Узнав о планах американцев, Ямани, естественно, поспешил посоветоваться с Фейсалом.

Король тоже был убежден в полной невозможности такого развития событий.

— Думаю, это только разговоры… Чистый блеф, — сказал мне Фейсал.

Шлезингер с этим не согласен.

— Блеф? Ничего подобного. Я был готов овладеть каким-нибудь не слишком крупным объектом, скажем Абу-Даби. Наше военное превосходство вполне позволяло захватить одно из арабских государств. Эти планы действительно напугали и рассердили арабов. Они были не блефом, а самой настоящей реальностью. И начиная с 1973 г. арабы были не на шутку ими обеспокоены.
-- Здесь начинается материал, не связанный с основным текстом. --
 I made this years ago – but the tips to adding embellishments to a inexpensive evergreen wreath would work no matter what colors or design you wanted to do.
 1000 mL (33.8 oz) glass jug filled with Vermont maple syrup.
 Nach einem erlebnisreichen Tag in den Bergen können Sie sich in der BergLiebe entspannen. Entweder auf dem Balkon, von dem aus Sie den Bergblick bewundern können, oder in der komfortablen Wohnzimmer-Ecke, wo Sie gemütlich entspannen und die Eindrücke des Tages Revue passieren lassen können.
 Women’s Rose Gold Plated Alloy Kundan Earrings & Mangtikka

Согласно одному из ближневосточных источников, Фейсал воспринял эту угрозу гораздо более серьезно, чем утверждает Ямани. Его тревожили не только проекты Пентагона, но и намерения израильтян, которые, по некоторым сведениям, также разработали экстренный план захвата нефтепромыслов. Поэтому король предпринял сверхсекретные меры предосторожности, и саудовская национальная гвардия получила инструкции, предусматривавшие в случае вражеской атаки уничтожение особо важных объектов. С выходом этих объектов из строя саудовская добыча нефти сокращалась до предельно низкого объема, и оккупационным силам потребовалось бы не менее года и около 5 миллиардов долларов, чтобы вновь привести нефтепромыслы в рабочее состояние.
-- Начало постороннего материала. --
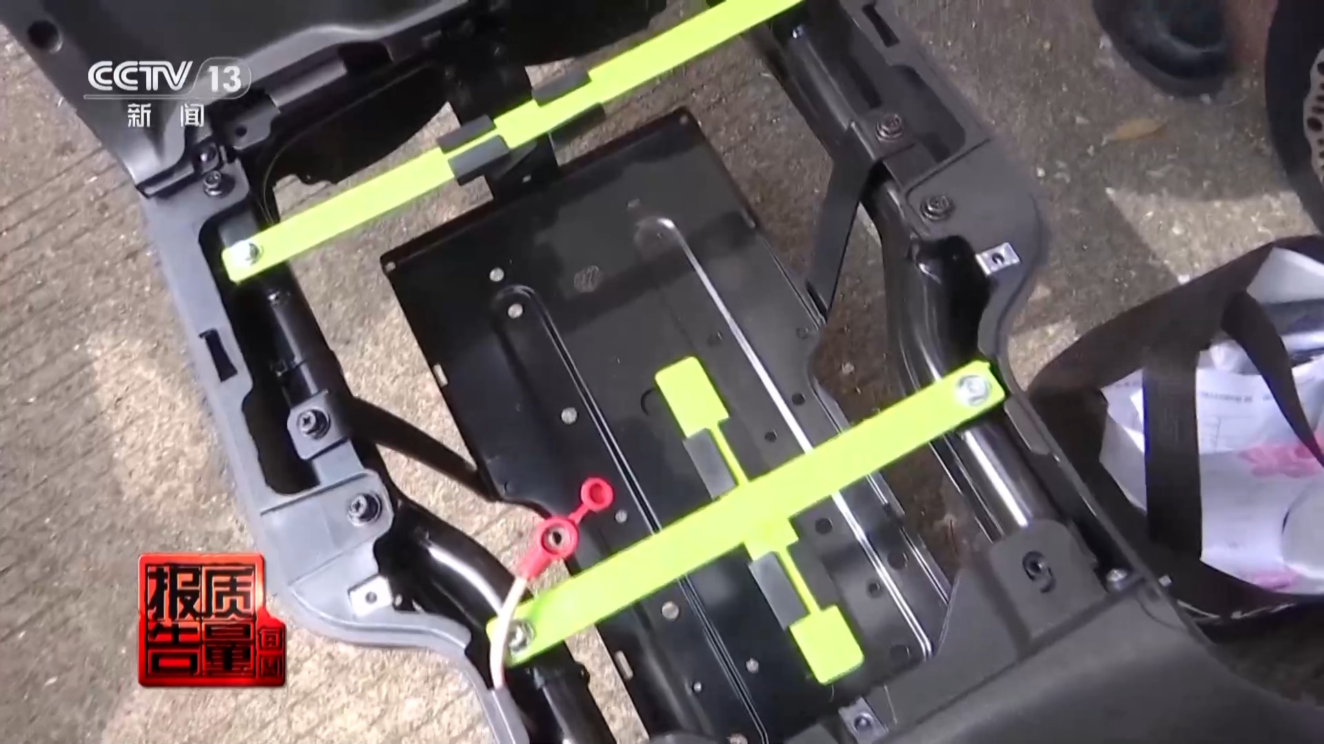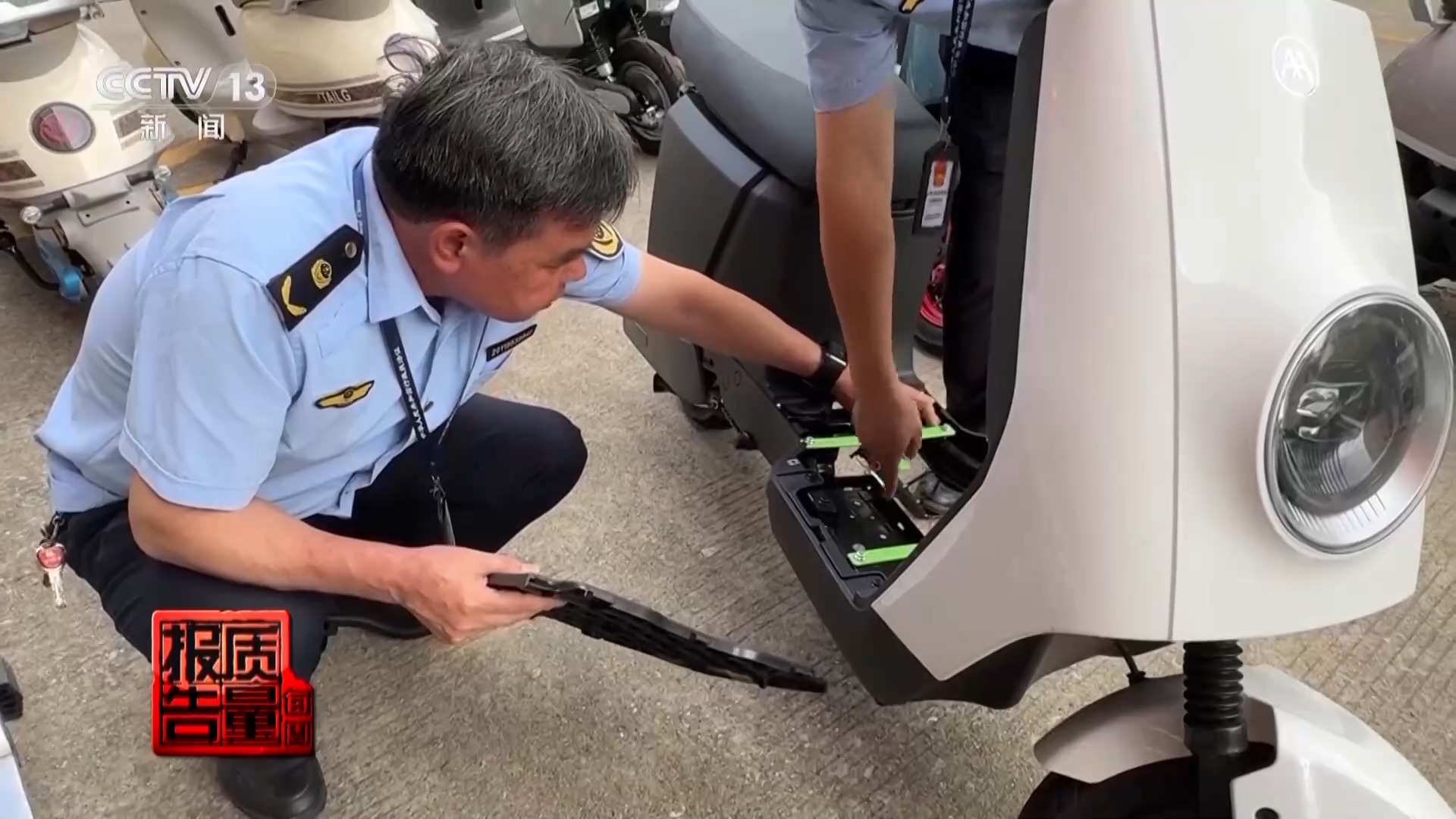广西贺州市市场监督管理局 张志锋:实际这辆车的电池舱在这里,但没有安装电池,因为电池舱只能装四块。他为了多装电池,电池舱改装到脚踏板这里,就能多装电池了,装了六块。

После аншлагов в Европе Ямани и Абдассалам продолжили свои гастроли в Соединенных Штатах. Здесь Абдассалам сразу оказался в тени. Гвоздем программы был Ямани.

Все хотели встретиться именно с ним.

В то время он уже был известен как араб, который не имеет равных среди соплеменников в искусстве обращаться с представителями средств информации. Ему было что сказать американцам. К тому же он обладал достаточным природным талантом и ораторской выучкой, чтобы заставить себя слушать.
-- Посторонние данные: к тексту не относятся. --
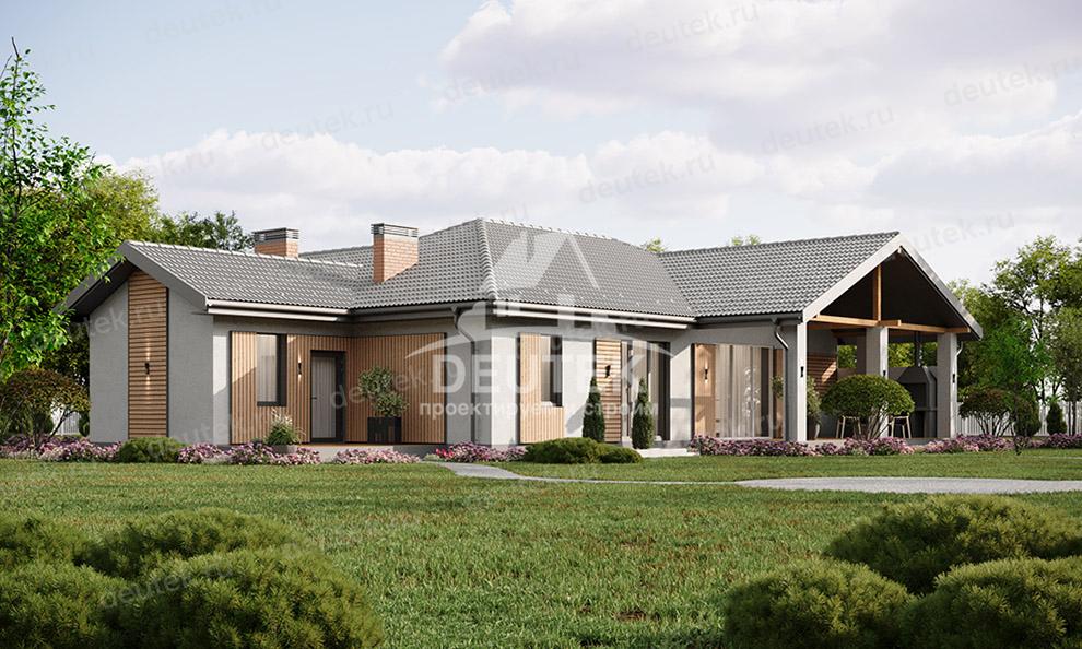 Проект загородного одноэтажного дома с баней и двумя террасами - LK-301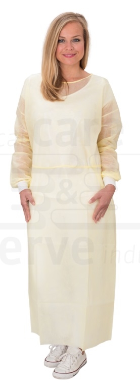 WIROS-care&serve-Hygiene, Einweg-Vlies-Kittel, Einmal-Mantel, Schutzkittel, PE Komplett Laminierungan, Strickbündchen, gemäß EN 14126, 140 x 135 cm, Pkg á 10 Stück, VE = 100 Stück, gelb

Министры прилетели в Нью-Йорк, где их ожидало множество репортеров.

Ямани отказался сказать им хотя бы слово.

Не задерживаясь, министры отправились прямиком в Вашингтон, где Ямани предстояло дать телевизионное интервью. Ямани считал выступление в Вашингтоне целью своей миссии. И до этого интервью не хотел говорить ни с кем.

Разыгрывая недоступность, он намеренно обострял внимание к своей персоне.

Представ перед камерами в прекрасном черном костюме, раскованный и уверенный в себе, Ямани был несколько смущен откровенно недружелюбным тоном, который звучал в вопросах.

— Я понял, что меня хотят рассердить.

Но он сохранил самообладание и держался так же спокойно, как и вначале.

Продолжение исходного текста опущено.